我往嘴里一个一个地塞爆米花,看一眼他手里的果汁杯子,又看着他笑。
“以前我们小的时候,你说过等以后长大了,要带我喝电视里那种好看的鸡尾酒的……”
“安安……”
“却没想到我们一下子就长大了……”
“……是呢,好快。”
“苏越,”我偏过脸看着正正经经地看着他,我已经很多年都没有这样看过他,“我可不可以收回昨天的话?”
苏越抿着嘴巴,然后就笑了。
“你不要讨厌我,安安。”
“去了那什么加拿大,偶尔也联系一下我,回国后也可以找我聊天。如果我过得不好的话,”我将手里的爆米花重新放回去,随手拿起茶几上的果汁杯喝了一口,“也许只有你不会看我的笑话。”
我以为只有酒精才具备催化情感的功效,却想不到现在,连果汁也具备了这种功能。只喝了两口,想着刚刚煽情的那些话,我都觉得有些泪眼朦胧。
我偏过头去看旁人,冷晨阳正和周家姐妹花抱在一起号啕大哭。离别的气氛是伤感,可也不至于哭到这么无法无天,惨绝人寰。
我同桌又抱着酒杯过来了。
“同桌、苏越,咱俩喝。”
我白了他一眼:“那叫仨。”
“同桌我可太讨厌你这态度了。”我同桌干脆放下杯子教训起我来,“我们做了一年同桌,你这说学文就学文。学文你就好好学啊,没想到转班第一天,你看着我就嗷嗷地掉眼泪,直说要转回来。可是你也不能这么欺骗人家的感情啊,你倒是转啊,同桌你倒是转啊!”
离别的气氛太浓,真的会让人醉的。
我觉得我同桌是醉了,偏过脸看一眼苏越,他又在沉思冥想,也不知道在想些什么。周琳端着杯子朝我走过来,不,是朝我同桌走过来,坐在我同桌对面的地板上就号啕大哭。
“江湖你为什么要对安晓这么好啊?”
我有点发懵,拍了拍周琳的肩膀安慰她:“瞎说什么啊,好好的你哭什么啊。”
可是我知道,周琳想表达的意思不是这样的,她是想说:江湖你怎么不明白呢,我真的好喜欢你啊。
包厢一时安静下来,偏偏周倩和冷晨阳还跑过来捣乱,跟着周琳坐成一排排,学着周琳的样子号啕大哭。
我同桌始终都没说话,坐在沙发上,头歪歪地垂在一边。
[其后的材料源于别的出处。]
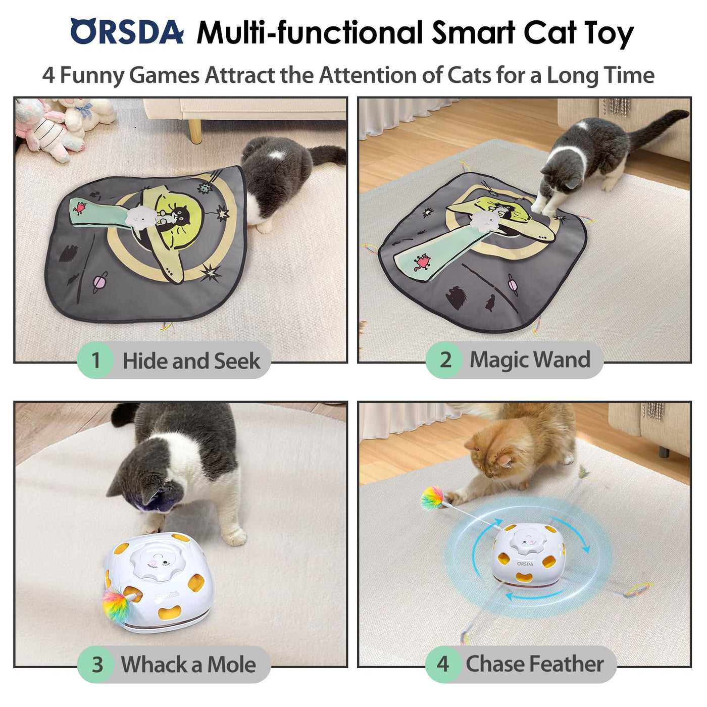 Orsda Cat Toy, 4-In-1 Interactive Cat Toys For Indoor Cats, Rechargeable Automatic Cat Whack A Mole Toy, Hide And Seek Kitten Wand Toy With Moving Feather, Electronic Entertainment Toys For All Breeds
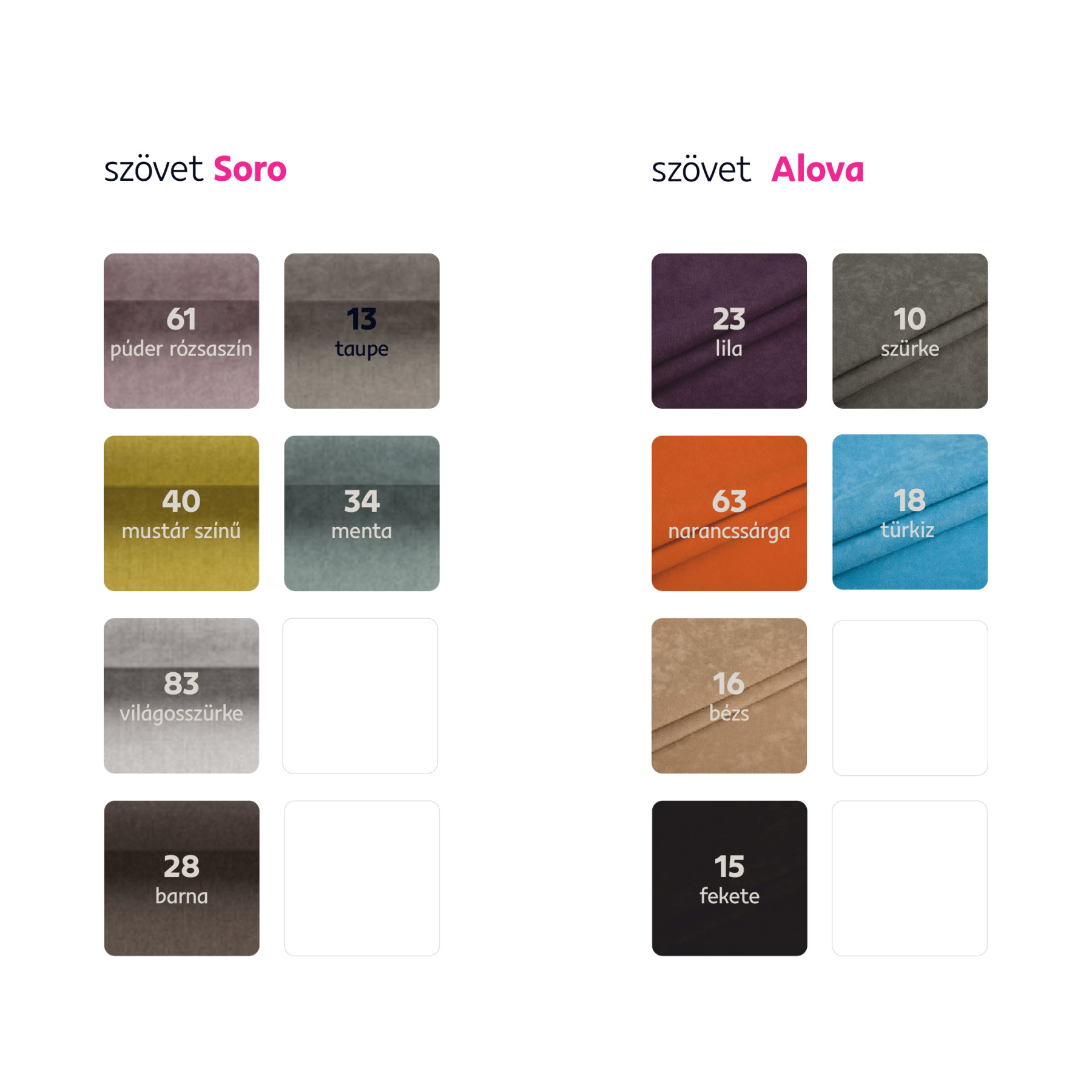 Megrendelhető Astrid Alova szövet színváltozataiban ára 179 500 Ft vagy Soro szövetből ára 181 900 Ft.Egyedi megrendelés esetén szükség van az adott összegnek a 20%-át befizetni,mint előleg. Az előleg befizetése után az Ön követelményét benyújtjuk a gyártónak. Szállítási idő 6-8 hét.

我推了他一把,他就直直地倒在沙发上了。
居然睡着了。
是太累了才睡着的吧……
我不信。
我看着地上坐着抱成团的三个女人,想着:这么充沛的感情真的白浪费了。
冷晨阳始终没有趁乱说出那一句“苏越我多喜欢你啊”,或许是她觉得这样说出来太丢人了。
闹腾够了,一个个的居然都睡着了。
也是,从下午闹到现在,身体都超负荷了,他们又不吃维生素。
晚上九点半的时候,我看着横尸遍野的包厢不禁按了按脑门。
你们没有喝酒好不好?!
你们现在意识清醒好不好?!
你们这样集体睡过去让我情何以堪?!
我的存在就是来给你们收拾残局的是吧!
一个个地把他们从沙发上、地上用各种方式喊醒,看着他们一个个揉着眼睛悠悠转醒,我恨不得一人给他们一巴掌。
还以为出来是吃东西来了,我从一下午到现在就吃了点爆米花!
还得拖着条残腿把他们一个个安置好——周家姐妹花相携着回家,苏越送冷晨阳回家。我帮他们拦好出租车,回身再看我同桌一眼。
嚯,觉醒得那叫一个彻底。
143.
一米八七的大个子杵在我跟前,眼睛一眨不眨地盯着我看。
我脸上是有花吗?!
这么深情谁受得了?!
忽地就看到我同桌冲着我的脸伸出手。
我想着:坏了。
真的坏了。
我的心脏扑通、扑通地跳,我觉得我完了,我同桌这是罪恶之手啊。
眼看着我同桌的大手越来越近,越来越近——
却是停在我头发上的。
“你头发上居然有个爆米花,哈哈哈!”
我同桌真是个天才,这都能笑出声来。
赌气般地一个人拖着一条腿往前走,我同桌从我身后追上来。
“同桌你不用我背你了啊?”
“我谢你!”
“不用这么客气,哈哈哈……”
虽说是这么笑笑闹闹地往前走,可我同桌一直抓着我的胳膊,似乎生怕我再来个狗啃泥给他丢脸。
“我们走一站路再打车回去吧,”我同桌提议,“也好醒醒酒。”
我点头,看着他笑,“赏你一个和美女夜晚散步的机会。”
我同桌又不乐意了,“美女都走了你才这么说!”
“那美女刚刚含含糊糊问你话的时候,你怎么……”
装睡呢?
“你说什么啊?”
我同桌装傻充愣的本事炉火纯青。
我不相信他没听到,我也确信在包厢里他是装睡。
大家都是清醒的,清醒地说出醉话,来掩饰自己的尴尬。
同桌你怎么装睡呢?
如果周琳一本正经地说喜欢你,你会怎么回答呢?
如果是我呢?
如果我说喜欢你呢?
终究还是没问出来,甚至连那句“同桌你是装睡吧”都没有说出来。
也不知道这场闹剧,到底成全了谁。